The Mysterious Book Report has reached another milestone with this, our 300th review. It’s taken a little more than six years and a couple of hundred thousand words to get to this point, so we wanted to mark the occasion with something special . . . something out of the ordinary . . . something so memorable that every reader will recall the plot whenever they look at the cover. We found just what we were looking for in a novel one reviewer referred to as A hot dose of pure adrenaline that will leave you gasping for breath and begging for more. It is beyond a doubt one of the finest noir yarns we’ve read in years . . .
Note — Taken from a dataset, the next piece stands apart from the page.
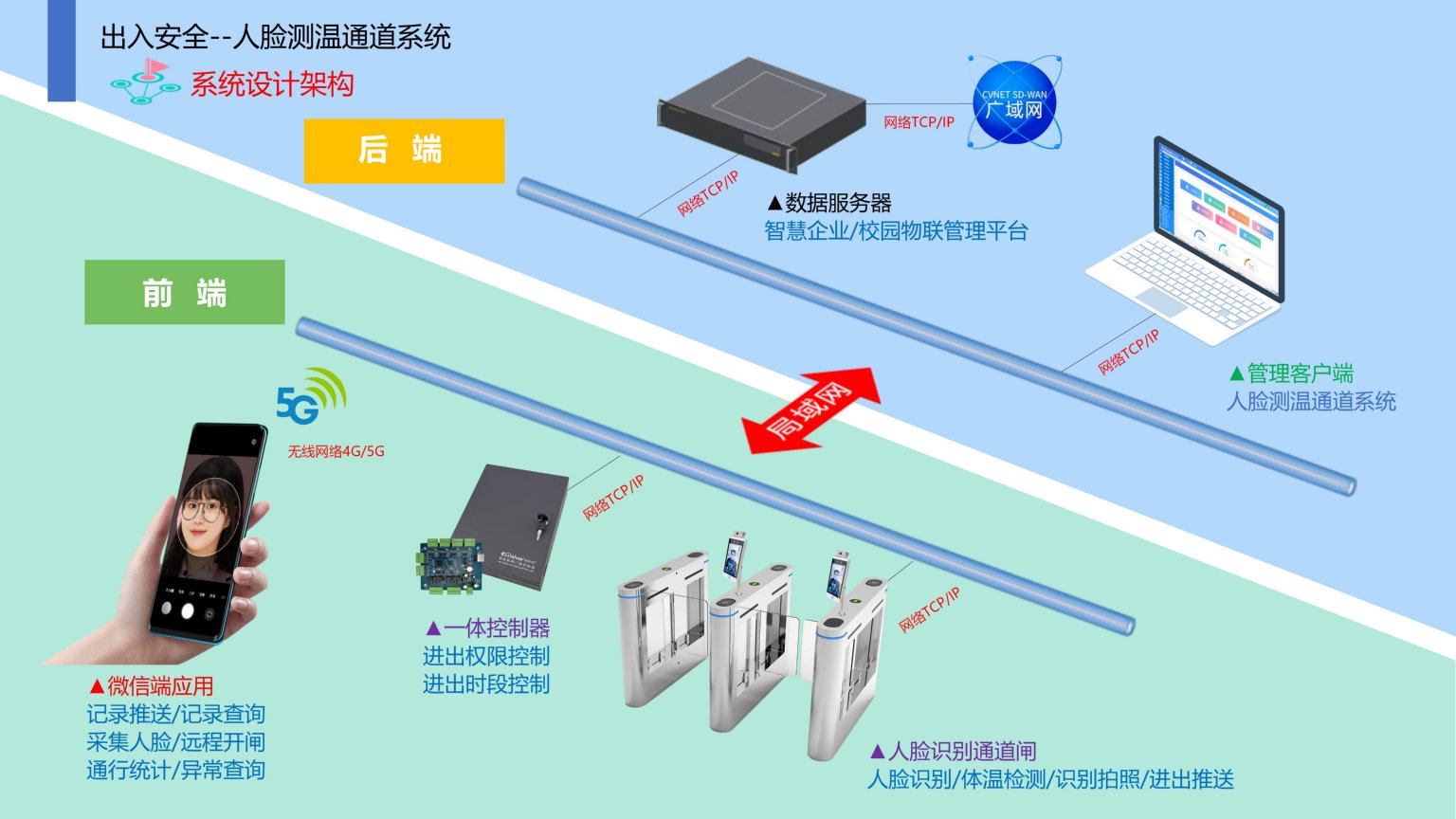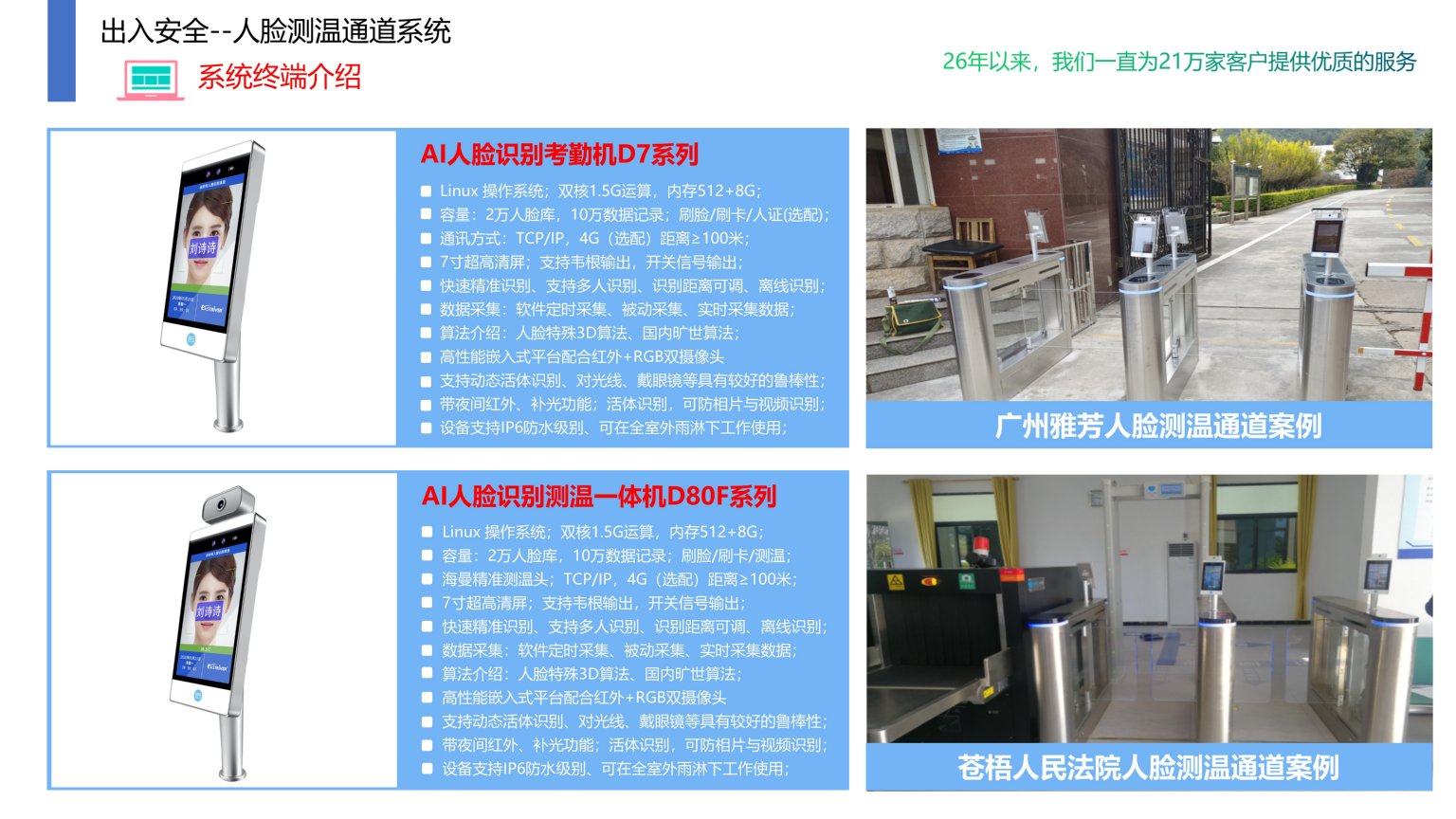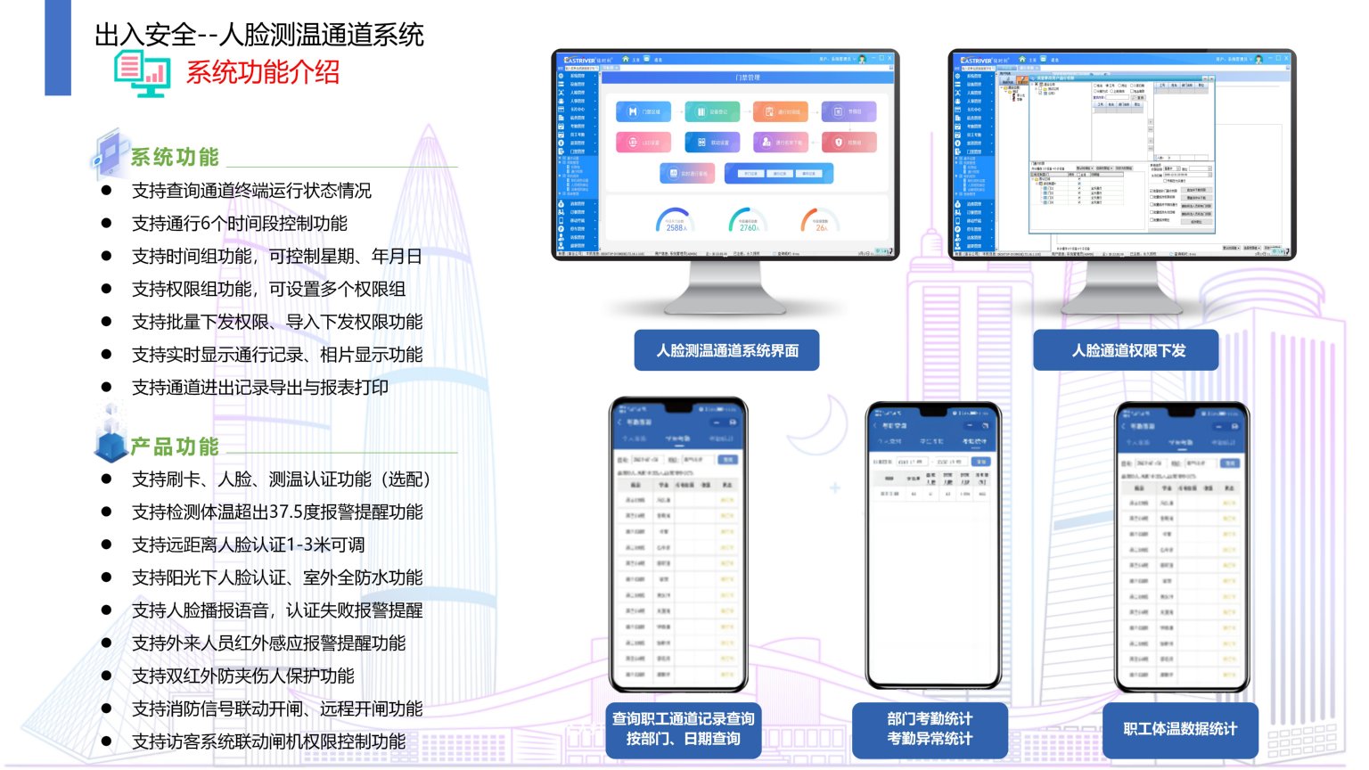 依时利企业/校园人脸测温通道系统是通过统一管理平台/数据库/终端/手机端来实现综合管理,实现职工进出大门时有效的人脸认证与测温检测,人脸通道闸机和门禁系统进行有效的联动,为企业/校园安防带来管理上的提升。有效控制通行秩序,使得出入口通行井然有序,方便人员出入管理。利用智能闸机和人脸设备对出入进行控制和管理,提高安全性与美观度,防止外来人员随意进出。

American Static, (Down & Out Books, PB $17.95, 307 pages, ISBN 978-1-943402-84-7) by Tom Pitts opens at warp speed and never slows down. It begins in a small northern California town where a young man named Steven is attacked, beaten senseless, robbed of his backpack which contains everything he owns or holds dear—including a brick of high-grade marijuana he obtained on credit and planned on selling when he got to San Francisco. He regains consciousness in a dazed state, barely able to keep it together once he realizes he has no money, no cell phone and most importantly, no ID. It was all in his backpack. Groggy and trying to refocus, Steven is befriended by a man named Quinn, who offers the young man a cigarette, some life advice . . . and a ride to San Francisco. What Steven doesn’t realize however, is that once he gets into the car his life will be changed forever, because his apparent savior is really a devil in disguise. Quinn, just released from prison, is on a homicidal rampage and a personal mission of retribution, revenge and payback. It’s a dead-end journey that will take a naive young man on an electrifying journey through the steamy underbelly of one of the world’s greatest cities. The cast of characters includes cutthroat gangsters, corrupt cops, criminal politicians and death-peddling drug lords, all of whom are trying to find and kidnap a young woman named Teresa, who somehow holds the key to a secret that will expose a decades-old scandal which will tear City Hall apart. As Steven rides along, Quinn dispenses his savage brand of street justice while a sadistic, coked-up, crooked cop chases him and a pair of outclassed, outgunned and mismatched small town lawmen chase them all. The action in this novel is unceasing, the trail blood-soaked and the denouement breath-taking. The MBR’s final take: If there was a list of the world’s best hard-boiled and noir crime fiction . . . American Static by Tom Pitts would be in the top ten of all time. Oh, yeah. It’s that good!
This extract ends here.